A Decade of Promises

This is a big point of hype in batteries: A slew of solid-state developers—among them U.K.-based Ilika, China’s WeLion New Energy Technology, Taiwan’s ProLogium Technology and Colorado-based Solid Power—are using silicon as the anode, not lithium metal. This is because silicon is much easier to handle in a battery than lithium metal is; silicon is less volatile and doesn’t require the same care. It delivers less specific energy density than lithium metal does—around 330 watt-hours per kilogram versus 400 Wh/kg or more, respectively. But it can store 10 times as much energy as conventional graphite anodes, making silicon anodes extremely attractive for use in an EV.
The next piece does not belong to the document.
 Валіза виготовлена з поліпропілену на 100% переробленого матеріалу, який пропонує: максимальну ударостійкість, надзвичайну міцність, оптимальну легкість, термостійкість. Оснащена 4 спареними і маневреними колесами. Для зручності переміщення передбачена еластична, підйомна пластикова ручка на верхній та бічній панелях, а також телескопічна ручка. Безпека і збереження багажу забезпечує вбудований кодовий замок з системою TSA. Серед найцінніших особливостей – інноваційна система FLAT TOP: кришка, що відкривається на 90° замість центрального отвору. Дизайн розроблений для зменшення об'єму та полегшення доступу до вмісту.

The thing is, solid state isn’t necessary in a battery using a silicon anode, because silicon isn’t an inordinate fire hazard. Silicon anode developers like Sila Nanotechnologies and Group14 Technologies get roughly the same energy density using a liquid electrolyte as one would with a solid, with more power and at lower cost. That is, the solid state-silicon battery makers are employing an expensive structure for no good reason. They’re adorning themselves with the cachet of solid state, but using an inferior anode material that defeats the purpose of going through the trouble. It’s a kind of Potemkin solid state.
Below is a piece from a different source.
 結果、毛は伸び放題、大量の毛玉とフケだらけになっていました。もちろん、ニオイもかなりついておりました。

A small number of companies, including SES and QuantumScape, are attempting to go the lithium-metal route while shelving the hope of pure solid state. SES, a Massachusetts startup we have profiled, appears to be ahead of the pack. Last month, the company announced that it had reached the B-sample stage of validation with South Korea’s Hyundai Motor, and was on track to be in a commercial EV in 2025 or 2026. San Jose, Calif.-based QuantumScape says it has entered the earlier A-sample qualifications with a major automaker but hasn’t revealed which one.

A Practical View

Rory McNulty, a next-gen battery analyst at Benchmark Mineral Intelligence, a battery metals research firm, said it’s crucial to remember that lithium is hard to work with. Few companies produce lithium-metal foil at the size and quality required for EV batteries. So, he said, a lot of companies have gone to silicon as a way to start developing a solid-state battery, with the aim of moving on to lithium metal later, once they know what they are doing.
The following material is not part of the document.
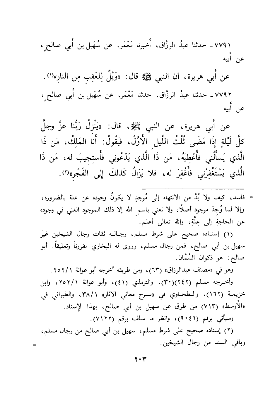 ٧٧٩٢ - حَدَّثَنَا عَبْدُ الرَّزَّاقِ، حَدَّثَنَا مَعْمَرٌ، عَنْ سُهَيْلِ بْنِ أَبِي صَالِحٍ، عَنْ أَبِيهِ، عَنْ أَبِي هُرَيْرَةَ، عَنِ النَّبِيِّ صَلَّى اللهُ عَلَيْهِ وَسَلَّمَ قَالَ: " يَنْزِلُ رَبُّنَا عَزَّ وَجَلَّ كُلَّ لَيْلَةٍ إِذَا مَضَى ثُلُثُ اللَّيْلِ الْأَوَّلِ، فَيَقُولُ: أَنَا الْمَلِكُ، مَنْ ذَا الَّذِي يَسْأَلُنِي فَأُعْطِيَهُ، مَنْ ذَا الَّذِي يَدْعُونِي فَأَسْتَجِيبَ لَهُ، مَنْ ذَا الَّذِي يَسْتَغْفِرُنِي فَأَغْفِرَ لَهُ، فَلَا يَزَالُ كَذَلِكَ إِلَى الْفَجْرِ " (٢)

Arguably, one of these is WeLion. In April, China’s Nio plans to release an EV using WeLion’s solid state-silicon battery. WeLion claims the battery will deliver specific energy density of 360 Wh/kg, much better than the 240 Wh/kg achieved by conventional lithium ion, and will power the Nio around 390 miles on a charge, calculated using the U.S. mileage standard.

You could get similar performance from a silicon anode using conventional liquid electrolyte. But McNulty said WeLion’s advance is “important because they’re getting their first solid electrolytes out, and they can test and optimize their electrolyte system.”

What he says makes sense if these companies are teeing themselves up to tackle lithium metal next. But Toyota and others aren’t talking about solid state, or lithium metal, this way. They are suggesting that they are already poised to reach the pinnacle of battery technology. They aren’t.